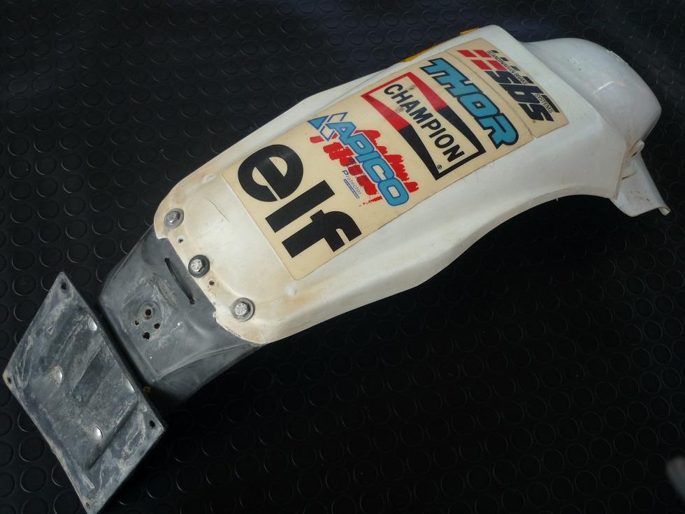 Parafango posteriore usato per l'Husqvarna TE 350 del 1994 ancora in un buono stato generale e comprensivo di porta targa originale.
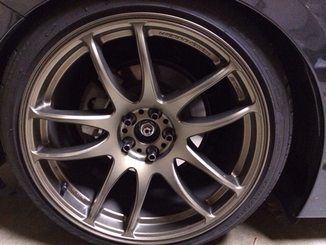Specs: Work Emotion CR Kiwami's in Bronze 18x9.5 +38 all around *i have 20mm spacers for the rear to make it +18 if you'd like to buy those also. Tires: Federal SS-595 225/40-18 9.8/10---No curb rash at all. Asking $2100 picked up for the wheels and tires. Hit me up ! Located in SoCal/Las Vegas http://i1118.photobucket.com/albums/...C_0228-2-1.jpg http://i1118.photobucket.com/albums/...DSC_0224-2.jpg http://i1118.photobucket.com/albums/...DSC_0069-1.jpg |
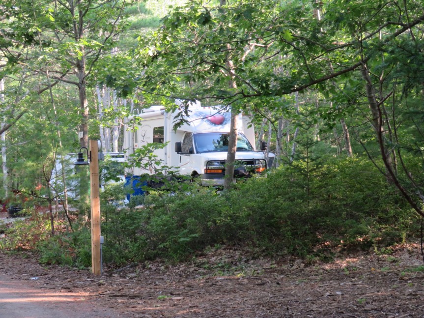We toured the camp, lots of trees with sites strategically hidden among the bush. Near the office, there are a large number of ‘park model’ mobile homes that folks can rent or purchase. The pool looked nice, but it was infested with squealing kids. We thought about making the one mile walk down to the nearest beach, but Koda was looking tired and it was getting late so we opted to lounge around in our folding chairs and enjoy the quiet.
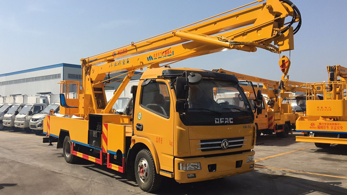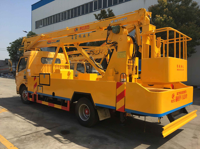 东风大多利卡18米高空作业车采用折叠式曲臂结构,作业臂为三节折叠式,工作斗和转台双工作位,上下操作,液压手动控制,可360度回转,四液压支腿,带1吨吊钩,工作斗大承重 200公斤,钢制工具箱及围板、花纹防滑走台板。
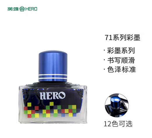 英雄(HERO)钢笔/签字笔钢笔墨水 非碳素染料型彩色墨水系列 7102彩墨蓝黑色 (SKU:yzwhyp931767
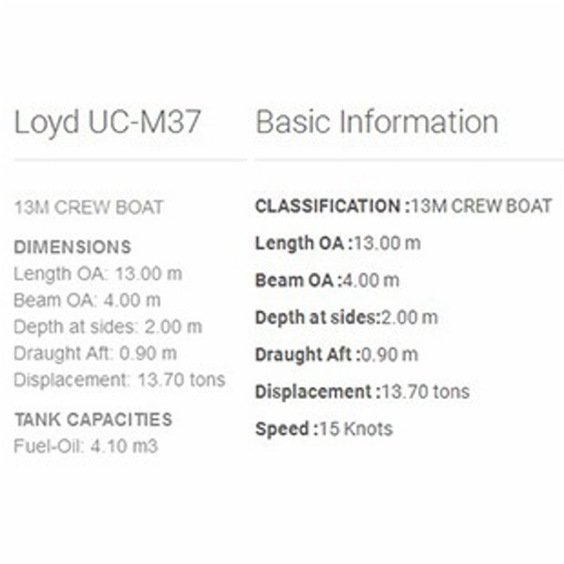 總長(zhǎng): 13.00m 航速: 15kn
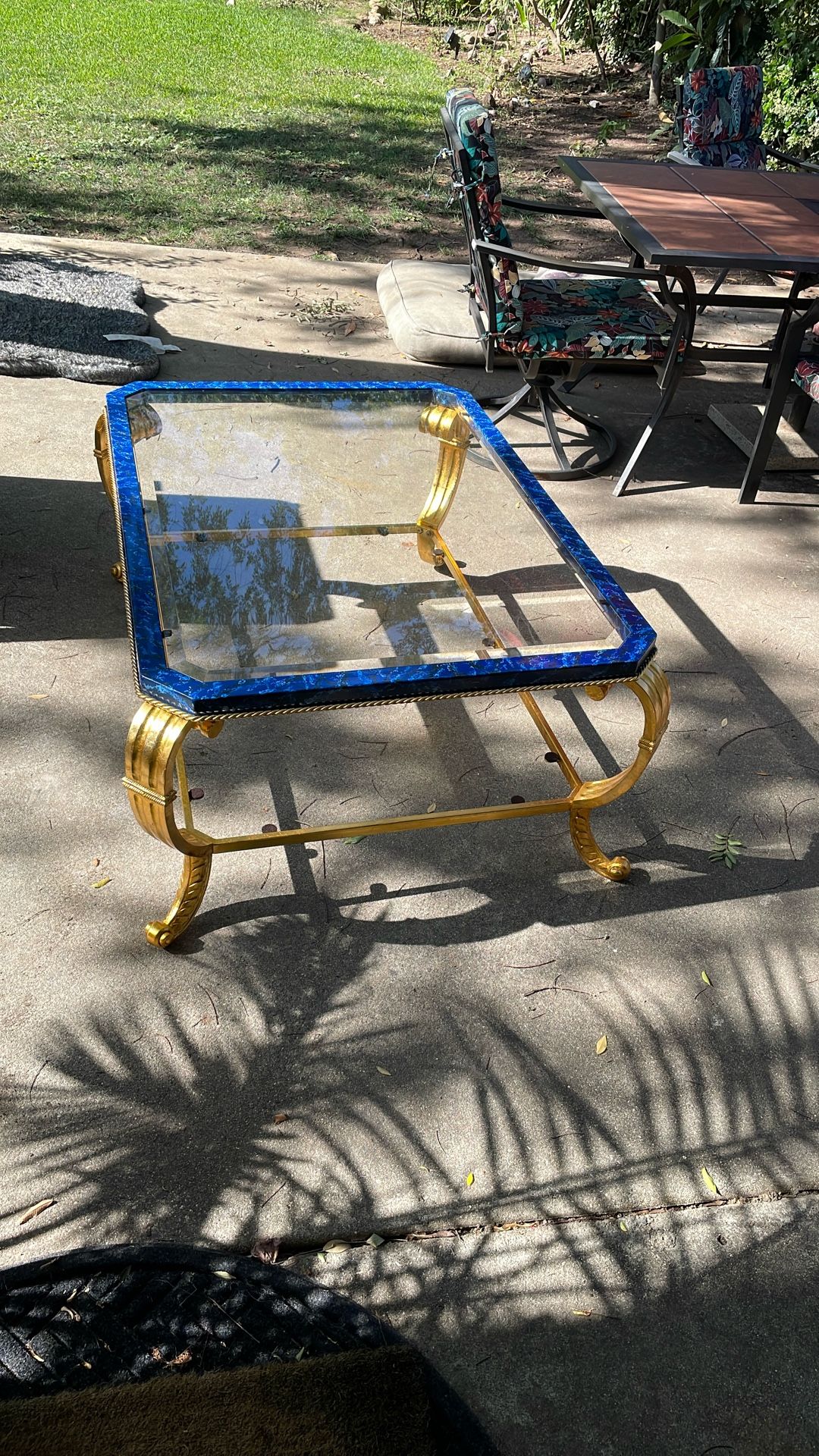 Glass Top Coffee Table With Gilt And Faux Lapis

• • •

Work order: Where a record above contains a picture, leave the picture out and transcribe everything else exactly.

Response to the exercise:
 Parafango posteriore usato per l'Husqvarna TE 350 del 1994 ancora in un buono stato generale e comprensivo di porta targa originale.
Specs: Work Emotion CR Kiwami's in Bronze 18x9.5 +38 all around *i have 20mm spacers for the rear to make it +18 if you'd like to buy those also. Tires: Federal SS-595 225/40-18 9.8/10---No curb rash at all. Asking $2100 picked up for the wheels and tires. Hit me up ! Located in SoCal/Las Vegas http://i1118.photobucket.com/albums/...C_0228-2-1.jpg http://i1118.photobucket.com/albums/...DSC_0224-2.jpg http://i1118.photobucket.com/albums/...DSC_0069-1.jpg |
We toured the camp, lots of trees with sites strategically hidden among the bush. Near the office, there are a large number of ‘park model’ mobile homes that folks can rent or purchase. The pool looked nice, but it was infested with squealing kids. We thought about making the one mile walk down to the nearest beach, but Koda was looking tired and it was getting late so we opted to lounge around in our folding chairs and enjoy the quiet.
 东风大多利卡18米高空作业车采用折叠式曲臂结构,作业臂为三节折叠式,工作斗和转台双工作位,上下操作,液压手动控制,可360度回转,四液压支腿,带1吨吊钩,工作斗大承重 200公斤,钢制工具箱及围板、花纹防滑走台板。
 英雄(HERO)钢笔/签字笔钢笔墨水 非碳素染料型彩色墨水系列 7102彩墨蓝黑色 (SKU:yzwhyp931767
 總長(zhǎng): 13.00m 航速: 15kn
 Glass Top Coffee Table With Gilt And Faux Lapis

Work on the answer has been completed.